Specifically, in  In Re: Lolani, Hearing Officer Byrne explained that

“the Massachusetts regulations must be read to effect the purpose of both the IDEA and M.G.L. c. 71B to provide a free, appropriate public education to all students with disabilities. As stated in the first section of the regulations governing private special education schools, the provisions of 603 CMR 18.00 relate back to the general special education regulations found at 603 CMR 28.00. These two sets of regulations must be read to complement, not to exclude, each other. Reading the regulatory language of 603 CMR 18.05 (7) in this context I find that the termination provisions applicable to publicly funded private school students set out explicit procedures that acknowledge the special characteristics of private school placements, but do not exempt those placements from adherence to the fundamental set of special education rights that attach to and travel with the student. One of those fundamental rights is the right to “stay put”. Had the drafters intended to strip private school students of a right accorded to public school students they would have said so.”[14]

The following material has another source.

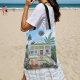 Appréciez le style ensoleillé où que vous alliez avec ce sac fourre-tout animé de maison de plage! Présentant un chalet vert mousse de mer, des planches de surf et des palmiers balançants, ce tourniquet côtier apporte des vibrations de plage décontractées à votre routine quotidienne. Idéal pour les jours de plage, les courses de marché, ou comme sac quotidien pour les amoureux de l'océan qui veulent emporter un peu de la côte avec eux.

This does not mean that “parental assertion of stay put rights to a particular private school bar[s] any publicly funded student from termination, [because, otherwise,] the regulation covering that specific topic – termination of publicly funded students from a private school – would serve no purpose.”[15] There are situations when the term “current educational placement” referenced in 34 CFR 300.518 includes the setting in which the IEP is implemented but not considered to be location specific.[16] However, where the school district has yet to identify any alternative placements for the student, the Hearing Officer must “look to the specifics [of a] case, with an eye for ensuring [the student’s] continued education and for providing her with a FAPE as soon as possible.”[17]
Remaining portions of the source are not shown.